Study on the influence of non-bedding fissures on the instability and failure of anti-dip bedding rock slopes

Abstract

Non-bedding fissures are common internal defects in layered slopes and often exert control over the slope's stability. In this study, a research on the failure mechanism of anti-dip bedding rock slopes (ABRSs) with two sets of non-bedding fissures was conducted based on fracture mechanics theory and the ABRSs cantilever beam model. Through centrifuge test, the rationality of this calculation method was verified, and the instability evolution mechanism of anti-dip bedding rock slopes containing internal defects was investigated. The research findings demonstrate that the instability of ABRSs containing non-bedding fissures goes through several stages, including tension of the rear rock layers, reverse bending of the rock layers, formation of the main fracture plane, and secondary failure. The initiation pattern of rock bridges between fissures significantly affects the post-failure deformation of rock layers. Additionally, tensional failure at gentle-dip fissures, occurring under shear action, is the main cause for inducing reverse bending of the fractured rock mass.
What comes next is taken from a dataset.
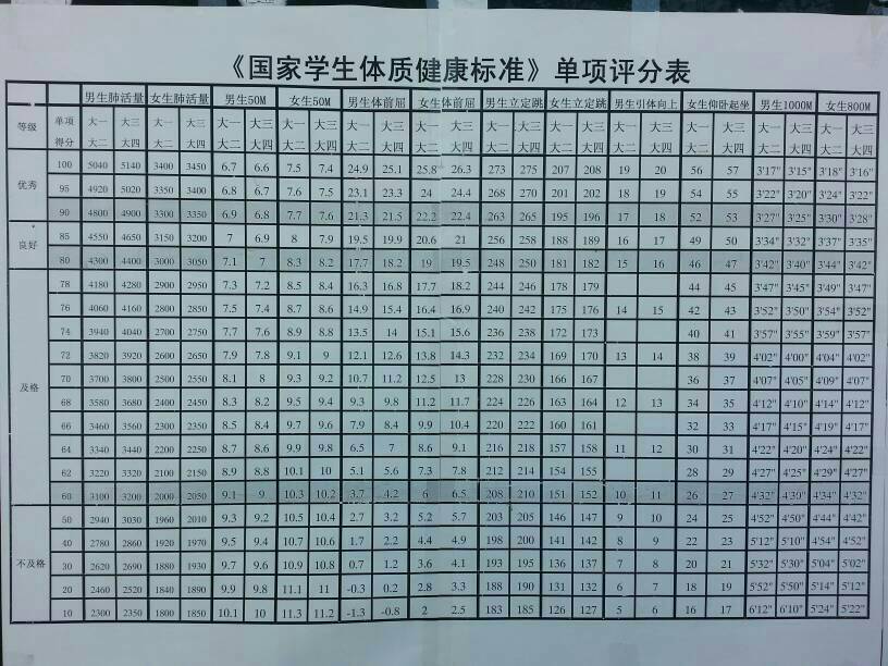 中考800米跑的评分标准基于完成时间,具体如下满分为100分,要求完成800米跑的时间在3分10秒以内达到95分的选手需控制在3分18秒内,90分线则设在3分25秒75分及以上的成绩,时间限制分别为3分32秒3分39秒3分47秒低于70分的选手,用时分别为3分57秒4分08秒和4分20秒对于男子。

This eventually leads to the formation of a stepped main fracture plane, resulting in the evolution of the slope into a reverse bending collapse zone and a block-reverse bending collapse zone. At approximately one-third of the slope height, the residual sliding force of the rock layers reaches its maximum, which is also the location where fissure deformation is most prominent and the stress situation is most complex. Moreover, the stability of ABRSs containing non-bedding fissures is more sensitive to the internal friction angle between rock layers, the length of non-bedding fissures, and the angle between fissures and rock layers.